WORK ITEM:
Retype word for word the stretch of entries below from the line that has "سترة صوفية بنقشة أزرار أمامية بأزرار" through the line that has "area relax all’aperto.", and omit the pictures.
══ TASK INPUT ══
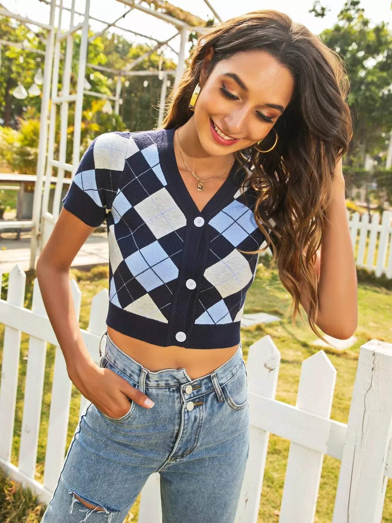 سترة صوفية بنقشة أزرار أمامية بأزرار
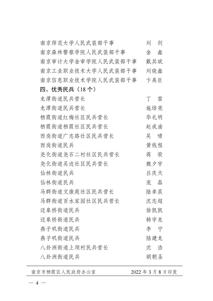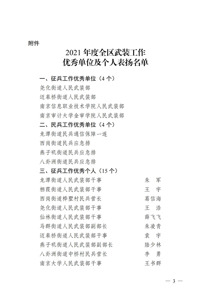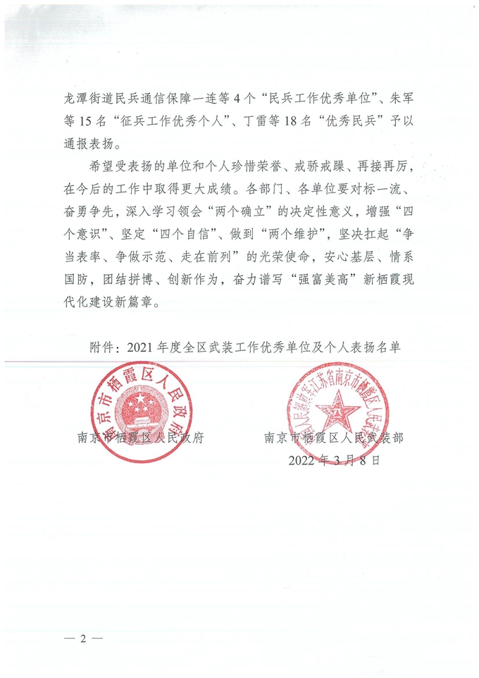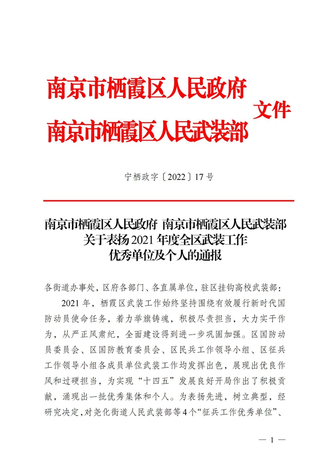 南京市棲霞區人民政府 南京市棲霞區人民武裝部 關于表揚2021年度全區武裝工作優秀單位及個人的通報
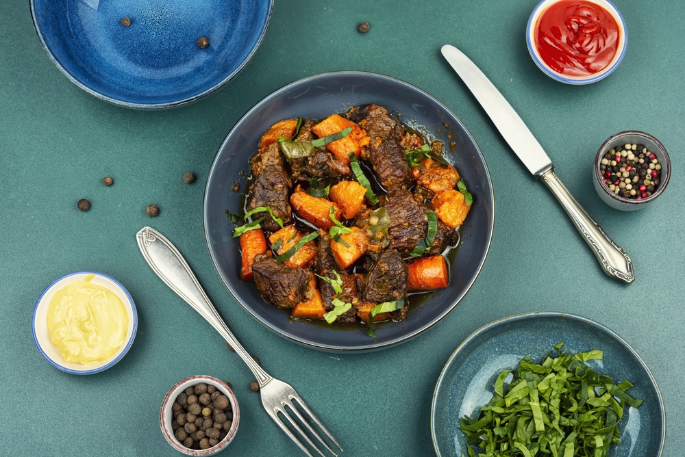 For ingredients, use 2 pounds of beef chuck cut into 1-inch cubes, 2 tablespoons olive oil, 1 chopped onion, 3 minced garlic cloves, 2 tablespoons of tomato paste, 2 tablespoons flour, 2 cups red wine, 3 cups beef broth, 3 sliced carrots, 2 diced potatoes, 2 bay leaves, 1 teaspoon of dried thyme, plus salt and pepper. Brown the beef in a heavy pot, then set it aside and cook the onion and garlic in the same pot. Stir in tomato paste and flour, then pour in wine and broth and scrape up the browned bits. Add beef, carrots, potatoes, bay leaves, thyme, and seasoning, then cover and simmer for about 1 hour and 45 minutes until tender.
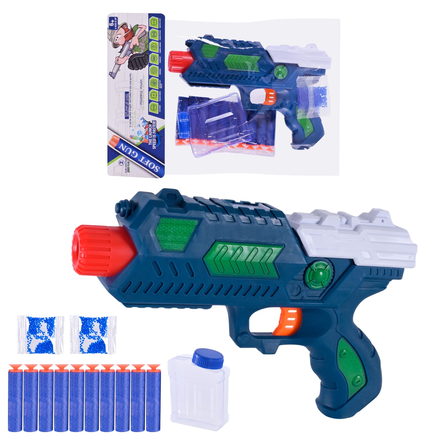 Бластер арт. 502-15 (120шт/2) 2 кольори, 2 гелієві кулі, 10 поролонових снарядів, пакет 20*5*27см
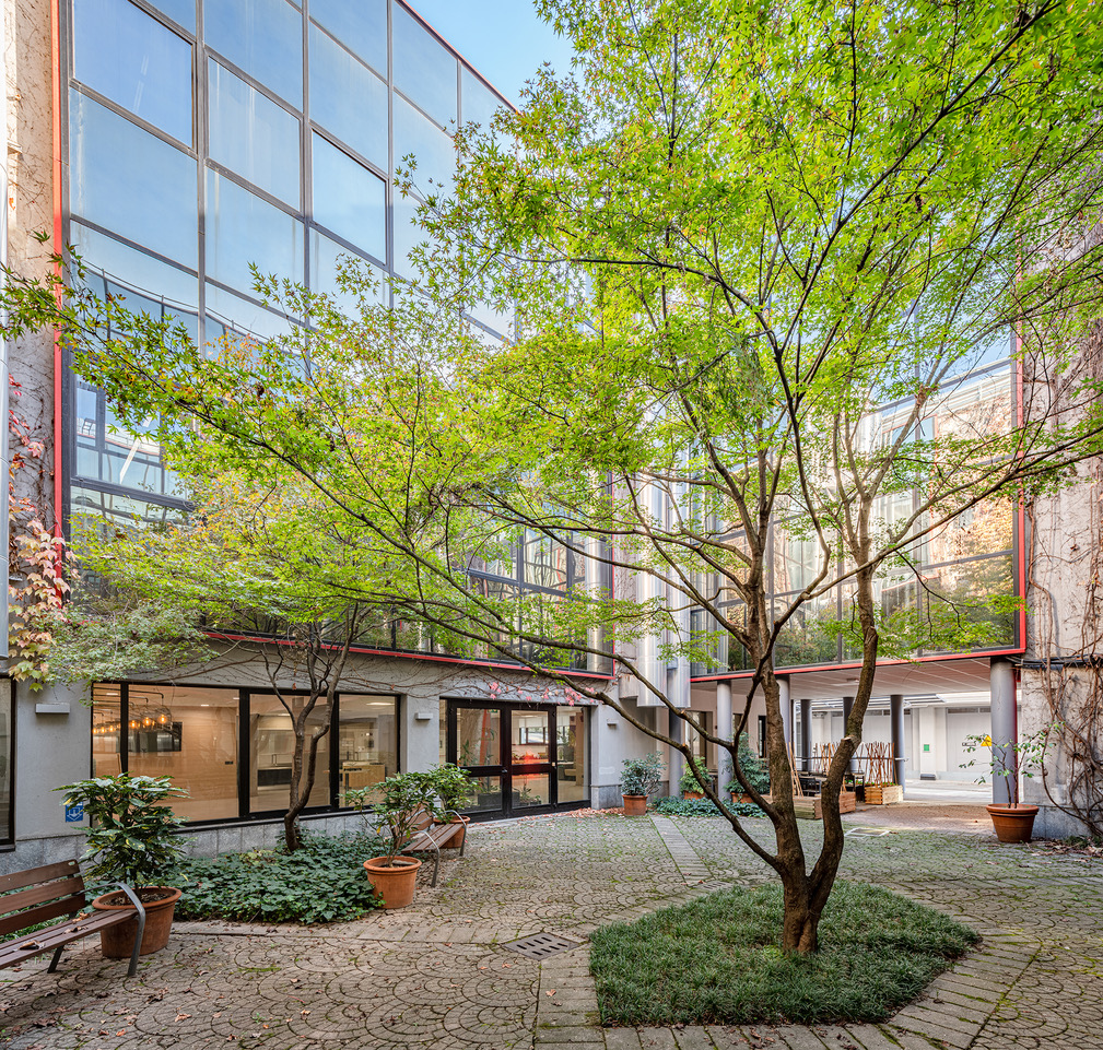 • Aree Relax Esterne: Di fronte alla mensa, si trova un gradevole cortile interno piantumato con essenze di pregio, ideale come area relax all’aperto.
═══
══ TASK INPUT ══
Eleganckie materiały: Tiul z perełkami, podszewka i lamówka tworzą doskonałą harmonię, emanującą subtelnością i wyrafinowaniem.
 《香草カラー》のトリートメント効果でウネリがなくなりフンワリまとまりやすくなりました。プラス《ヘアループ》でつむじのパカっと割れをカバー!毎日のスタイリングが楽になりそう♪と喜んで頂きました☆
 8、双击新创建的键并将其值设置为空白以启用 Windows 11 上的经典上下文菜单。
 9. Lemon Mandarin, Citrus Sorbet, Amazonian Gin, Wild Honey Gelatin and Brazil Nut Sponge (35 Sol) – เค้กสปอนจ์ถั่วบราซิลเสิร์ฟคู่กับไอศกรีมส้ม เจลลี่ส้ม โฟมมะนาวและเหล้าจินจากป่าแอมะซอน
═══
WRITTEN RESPONSE:
 سترة صوفية بنقشة أزرار أمامية بأزرار
 南京市棲霞區人民政府 南京市棲霞區人民武裝部 關于表揚2021年度全區武裝工作優秀單位及個人的通報
 For ingredients, use 2 pounds of beef chuck cut into 1-inch cubes, 2 tablespoons olive oil, 1 chopped onion, 3 minced garlic cloves, 2 tablespoons of tomato paste, 2 tablespoons flour, 2 cups red wine, 3 cups beef broth, 3 sliced carrots, 2 diced potatoes, 2 bay leaves, 1 teaspoon of dried thyme, plus salt and pepper. Brown the beef in a heavy pot, then set it aside and cook the onion and garlic in the same pot. Stir in tomato paste and flour, then pour in wine and broth and scrape up the browned bits. Add beef, carrots, potatoes, bay leaves, thyme, and seasoning, then cover and simmer for about 1 hour and 45 minutes until tender.
 Бластер арт. 502-15 (120шт/2) 2 кольори, 2 гелієві кулі, 10 поролонових снарядів, пакет 20*5*27см
 • Aree Relax Esterne: Di fronte alla mensa, si trova un gradevole cortile interno piantumato con essenze di pregio, ideale come area relax all’aperto.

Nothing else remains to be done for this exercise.